The law requires that a HIPAA release form contain specific “core elements” to be valid.
These elements include:
- A description of the specific information to be used or disclosed.
- The name or other specific identification of the person(s), or class of persons, authorized to make the requested use or disclosure.
- The name or other specific identification of any third parties (persons or classes of persons) to whom the covered entity may make the requested use or disclosure.
- A description of each purpose of the requested use or disclosure.
- An expiration date or an expiration event that relates to the individual or the purpose of the use or disclosure.
- The signature of the individual and the date.
New York State HIPAA Training
HIPAA imposes employee training requirements that are the same regardless of the healthcare organization’s state. New York state HIPAA training must be provided to each employee that has the potential to access PHI. Training must be provided annually, in which employees must legally attest that they understand and agree to adhere to the training material.
Complying with New York HIPAA Law
To meet the requirements of the HIPAA regulations, healthcare organizations (healthcare providers, healthcare vendors, and MSPs) must implement a HIPAA compliance program. Most federal HIPAA requirements apply at the state level in New York as well.

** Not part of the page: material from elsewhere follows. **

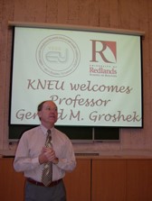 Лекція Джеральда Грошека «Роль міжнародної освіти» для студентів 1 курсу МЕіМ06 Лютого 2023р.![]() 3 Жовтня 2022 року студенти першого курсу факультету МЕіМ взяли участь в онлайн лекції «Роль міжнародної освіти» Джеральда Грошека, професора бізнес-школи університету Редлендс, Каліфорнія, США, присвяченої ролі міжнародної освіти в сучасному світі. Лекцію було організовано за сприяння кафедри іноземних мов та міжкультурної комунікації. Цього року початок навчання студентів першого курсу в університеті співпав із збройною агресією росії проти України. Невипадково, професор Грошек передав слова підтримки партнерського університету викладачам та студентам нашого закладу. Професор Грошек розповів про особливості глобального освітнього ринку та проаналізував виклики та можливості, які відкриваються перед студентами Київського національного економічного університету імені Вадима Гетьмана в рамках співпраці з партнерськими університетами США. Джеральд Грошек приділив особу увагу розвитку міжкультурної комунікації в глобальному мультикультурному середовищі. Професор Д. Грошек запросив студентів КНЕУ взяти активну участь у серії інтерактивних лекцій, присвячених розвитку міжнародної економіки, запланованих на осінній семестр. Дякуємо Джеральду Грошеку за цікаву лекцію та підтримку нашого університету під час безпрецедентних випробувань! |
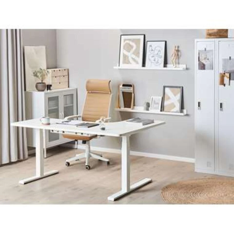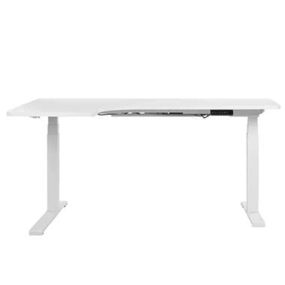 Elektrisch in hoogte verstelbaar bureau in wit. Personaliseer jouw eigen werkplek volgens jouw individuele behoeften. Met een elektrisch in hoogte verstelbaar tafelframe met telescopische poten van wit, gepoedercoat staal, kun je jouw werkplek in een handomdraai ergonomisch inrichten. Dit geeft je de mogelijkheid om zowel zittend als staand te werken. Dankzij de krachtige elektrische aandrijving kun je jouw bureau in slechts enkele seconden omtoveren in een praktisch stabureau. Met de geheugenfunctie kun je drie verschillende hoogtes opslaan. Het stevige, blad heeft een duurzame melamine coating. De brede basis van het frame zorgt voor maximale stabiliteit. Deze gecombineerde zit/sta werkplek is een verstandige investering in jouw gezondheid en productiviteit!

Security Risk Assessments, Gap Identification, and Remediation
To be HIPAA compliant, it is crucial to identify where your deficiencies lie. To do so, healthcare organizations must conduct six self-audits annually. These self-audits uncover weaknesses and vulnerabilities in your security practices. To ensure that your organization meets HIPAA safeguard requirements, you must create remediation plans. Remediation plans list your identified deficiencies and how you plan to address them, including actions and a timeline.
HIPAA Policies and Procedures
To ensure that you meet HIPAA Privacy, Security, and Breach Notification requirements, you must implement written policies and procedures. These policies and procedures must be customized for your practice’s specific needs, applying directly to how your business operates. To account for any changes in your business practices, you must review your policies and procedures annually and make amendments where appropriate.
Business Associate Agreements
Business associate agreements must be signed with each of your business associate vendors. HIPAA defines a business associate as any entity that performs a service for your practice that gives them the potential to access PHI. Common examples of business associates include electronic health records platforms, email service providers, online appointment scheduling software, and cloud storage providers.
You cannot use any vendor and be HIPAA compliant. They need to be willing and able to sign a business associate agreement (BAA). A BAA is a legal contract that requires each signing party to be HIPAA compliant and be responsible for maintaining their compliance. When a vendor doesn’t sign a BAA, it cannot be used for business associate services.
Incident Management
To comply with the HIPAA Breach Notification Rule, you must have a system to detect, respond to, and report breaches. Employees must also have the means to report incidents anonymously and be aware of what to do if they suspect a breach has occurred.
New York State HIPAA Violation
What is a HIPAA violation in New York? While many HIPAA violations occur due to breaches, it is not the breach itself that would conclude that a healthcare organization violated HIPAA. Most HIPAA violations occur when healthcare organizations fail to conduct accurate and thorough risk assessments, provide patients timely access to their medical records, have signed business associate agreements, or report breaches promptly.